▸ **Dataset records**:

== Segment start ==

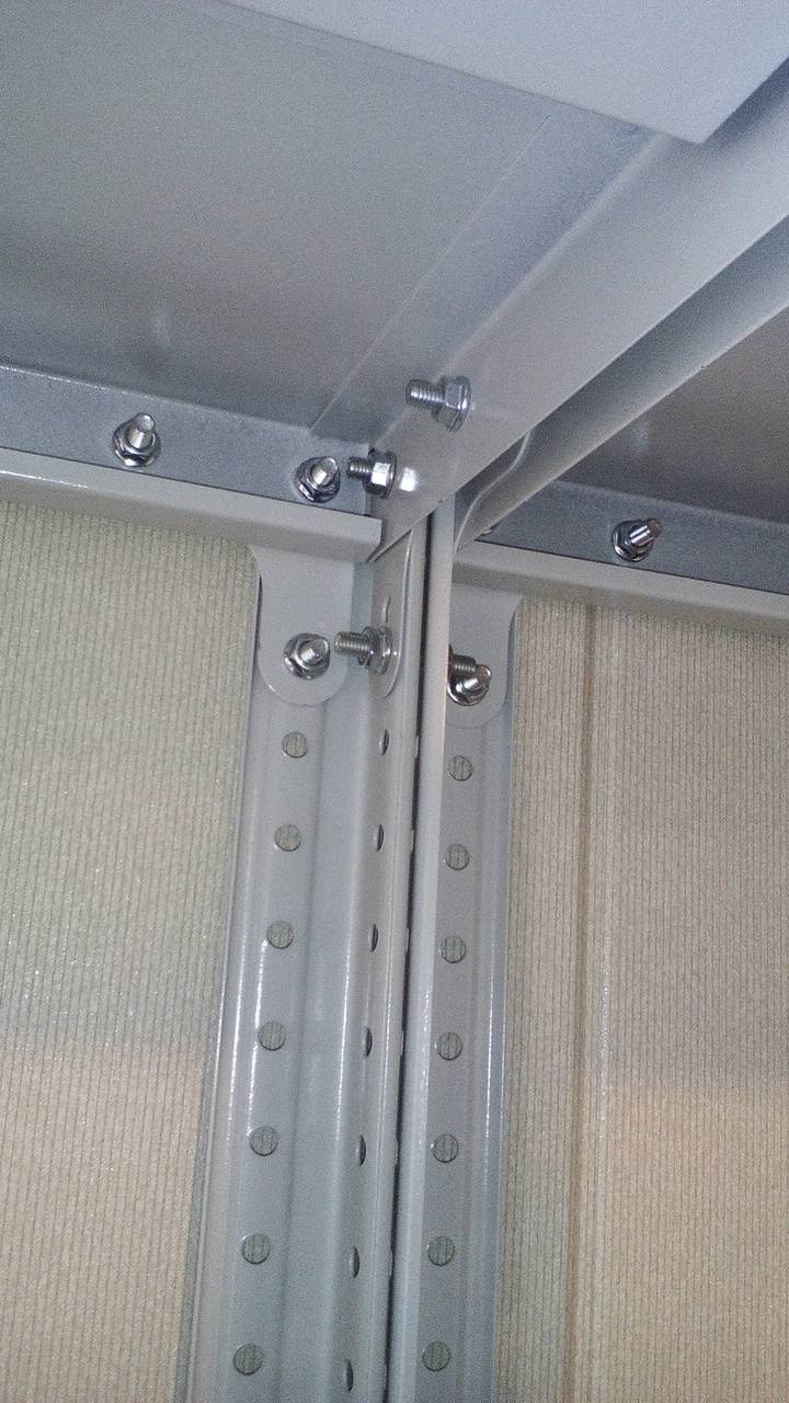 При сборке стеллажа высотой более 2,5 м обязательно крепление секции к стене.
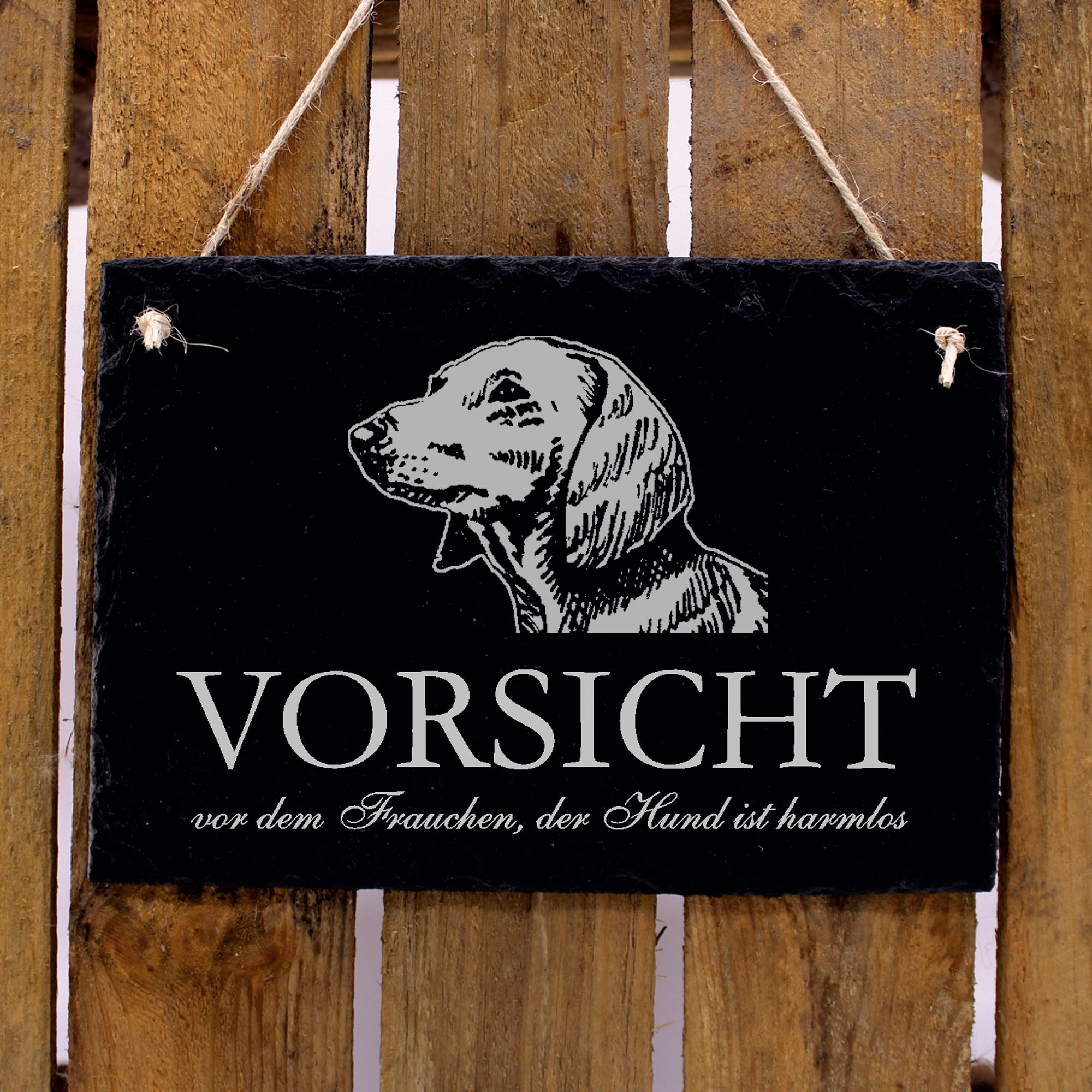 Hundeschild Dackel Dachshund Schild aus Schiefer - Vorsicht vor dem Frauchen - 22cm x 16cm
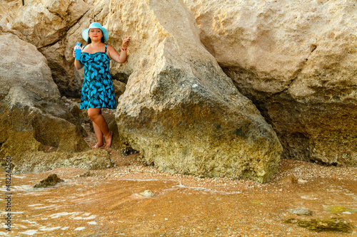 A happy woman in a blue sundress and a straw hat stands on the rocks with a cocktail in her hand.
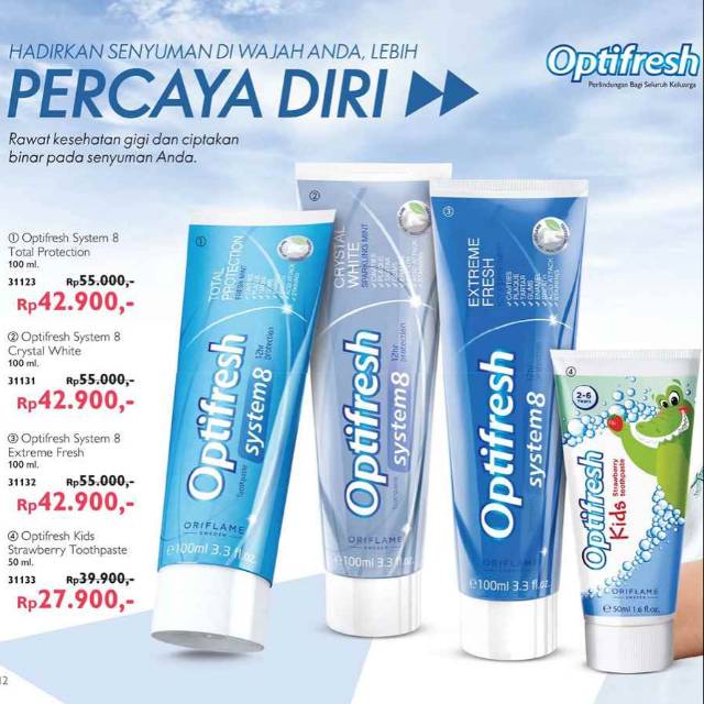 Isinya juga lumayan banyak kalau dibandingkan dg pasta gigi sejenis dg harga yg hampir setara. Optifresh system 8 12hr protection pasta gigi odol terbaik oriflam terbaru katalog oriflame november 2015 online indonesia promo harga diskon. Anda bisa menemukan penawaran menarik untuk daftar harga perawatan mulut oriflame di iprice dengan harga idr rp 29 900 hingga idr rp 58 000.
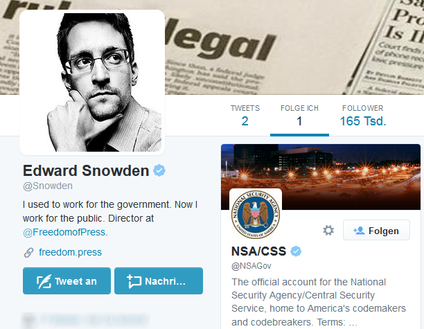 Aktuell hat Snowden nur über 160 Tausend Follower und Beobachtern zufolge soll er allein in den ersten 5 Minuten über 30 000 bekommen haben.

== Segment end ==

Each entry is to be returned as it stands, and each picture is to be left out.

 При сборке стеллажа высотой более 2,5 м обязательно крепление секции к стене.
 Hundeschild Dackel Dachshund Schild aus Schiefer - Vorsicht vor dem Frauchen - 22cm x 16cm
 A happy woman in a blue sundress and a straw hat stands on the rocks with a cocktail in her hand.
 Isinya juga lumayan banyak kalau dibandingkan dg pasta gigi sejenis dg harga yg hampir setara. Optifresh system 8 12hr protection pasta gigi odol terbaik oriflam terbaru katalog oriflame november 2015 online indonesia promo harga diskon. Anda bisa menemukan penawaran menarik untuk daftar harga perawatan mulut oriflame di iprice dengan harga idr rp 29 900 hingga idr rp 58 000.
 Aktuell hat Snowden nur über 160 Tausend Follower und Beobachtern zufolge soll er allein in den ersten 5 Minuten über 30 000 bekommen haben.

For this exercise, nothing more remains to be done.